Feature Request: GPU support

microsoft / azure-container-apps

Roadmap and issues for Azure Container Apps

MIT License

372 stars 29 forks source link

Feature Request: GPU support #673

Open marcindulak opened 1 year ago

marcindulak commented 1 year ago

Is your feature request related to a problem? Please describe.

GPU support for container based workloads, predictions using small machine learning models, e.g. a few GPUs and few dozens GBs of GPU memory or their fractions.

Describe the solution you'd like.

GPU with auto-scaling support, with support for scaling to zero.

Describe alternatives you've considered.

Azure Container Instances, but they don't scale to zero out-of-the-box https://blog.tomkerkhove.be/2021/01/02/autoscaling-azure-container-instances-with-azure-serverless/.
Azure Kubernetes Service, requires a complex setup for auto-scaling https://github.com/paolosalvatori/aks-gpu#keda and necessitates maintaining a running cluster.

Additional context.

None

bbrandt commented 1 year ago

Wow. I was just thinking how needed this is and happy to see the issue has already been opened. My case is that I have AKS configured in Central US and East US2. We just updated one of our Python calculation pipelines that uses Jax to support GPU. We were able to get capacity in East US2 for NCASv3_T4 (we don't need a ton of memory for our calc so others are overkill), but MS support says there are no NCASv3_T4 available in Central US.

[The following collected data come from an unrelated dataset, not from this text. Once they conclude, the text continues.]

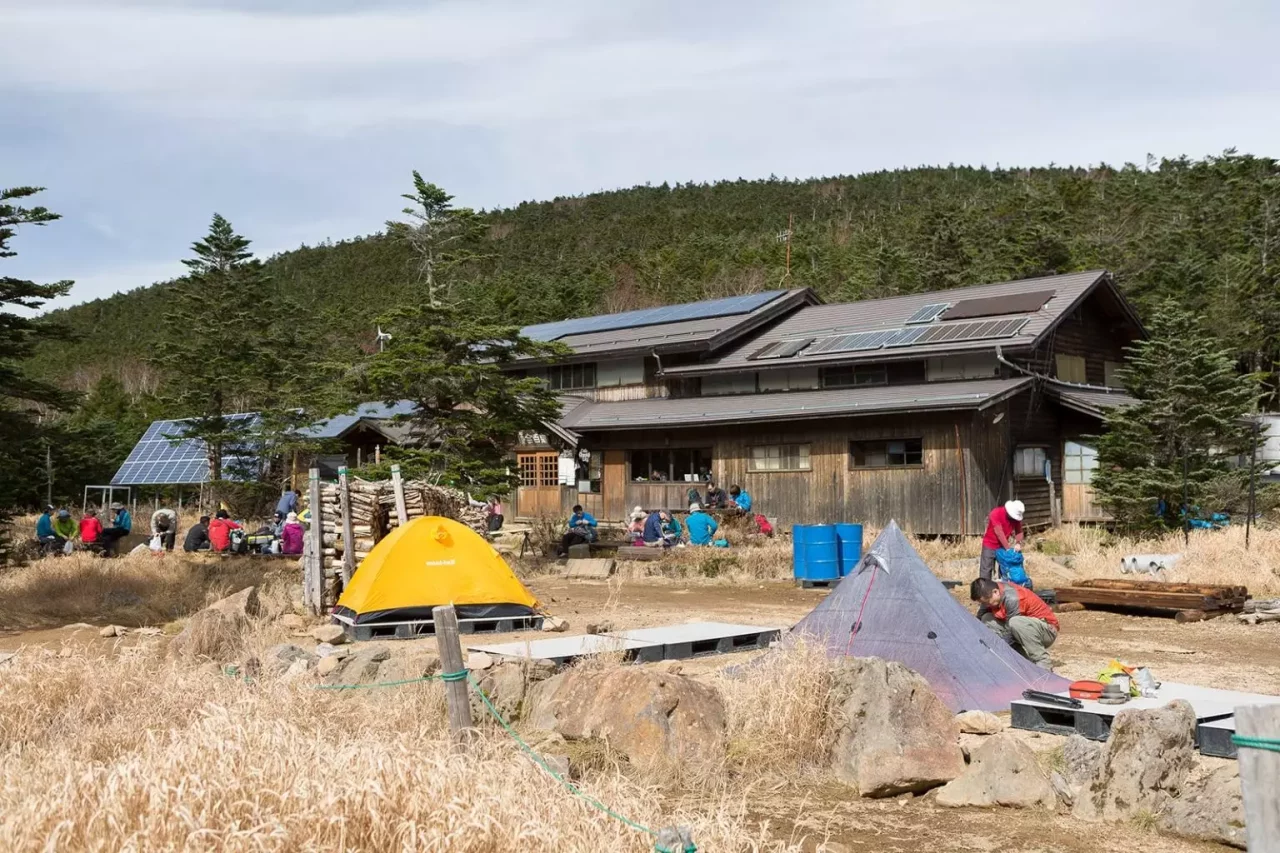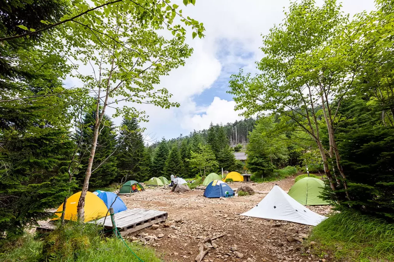 黒百合ヒュッテテント場は、唐沢鉱泉登山口から約2時間、渋の湯登山口から約2時間30分とやや距離があります。重いザックを背負って2時間以上歩ける体力が必要なため、登山経験者の利用がおすすめです。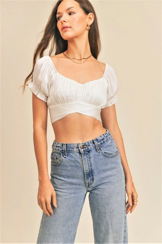 Are you looking for a super cute black cropped top with some style to it? You will fall in love with our super cute white cropped back tie detail top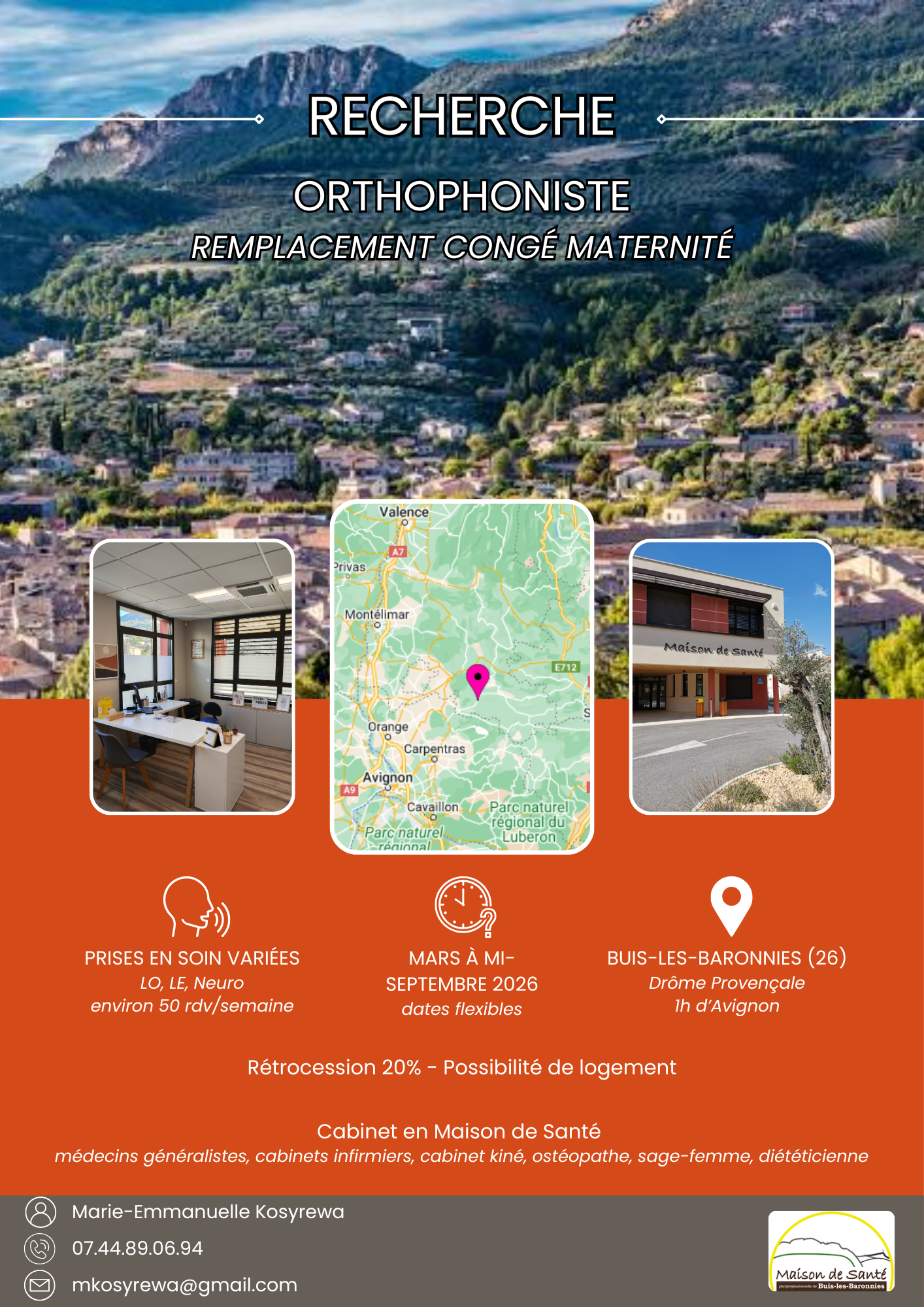 REMPLACEMENT CONGE MATERNITE Mars - Mi-septembre 2026 Buis-les-Baronnies (26 Drôme) Je recherche un.e orthophoniste durant mon congé maternité, au sein de la Maison de Santé de Buis-les-Baronnies (médecins généralistes, cabinet kiné, ostéopathe, diététicienne, sage-femme, cabinets infirmiers, psychologue). Patientèle : LO, LE, Neuro Nombre de rdv / semaine : environ 50, du lundi au jeudi, mais peut être élargi Rétrocession 20% Possibilité de logement au rez-de-chaussée de mon domicile (studio meublé avec entrée indépendante) : 550€

Now we are faced with the decision, do we setup another difficult to maintain AKS cluster in South Central US where we were able to get NCASv3_T4 capacity or just let the calcs run slower on CPU nodes in Central US when our East US2 cluster can't handle all the load.

I was hoping there was a third option, just deploy our containers to Azure Container Apps in South Central US to run on GPU-enabled hardware. Looking forward to how much this will save us in maintenance spend.

fiedlerNr9 commented 1 year ago

Is there anything on the roadmap for Azure Container Apps regarding Gpu support? We love the service itself but are forced to switch to Azure Container Instances for now.

mattmazzola commented 11 months ago

I was also interested in GPU support for Container Apps. I recently saw this blog post which says they support dedicated workloads with A100 GPUs so I think this is supported now, although I haven't directly tested it myself

You can now create Azure Container Apps environments with NC A100 v4 GPU enabled compute in the West US 3 and North Europe Azure regions

https://techcommunity.microsoft.com/t5/apps-on-azure-blog/build-intelligent-apps-and-microservices-with-azure-container/ba-p/3982588

It also seems like they are trying to unify the Consumption and Workload modes so that Workload can have scale to 0 experience. I will likely try it out soon.

lehmus commented 11 months ago

Yes, Microsoft released preview support for GPU Container Apps in Ignite 2023. The cluster sizes start from 24 nodes, only A100 GPUs are supported and you have to make an application for Microsoft if you want to be included in the preview. Hopefully they will open up the preview soon and offer smaller clusters!

BC89 commented 1 month ago

Where does general availability of GPU sit on the roadmap and overall priority list? Seems like it's been in preview in a limited number of regions for quite some time now. Even if it stays in preview, can the number of regions be expanded. Specifically, we are interested in a US East option.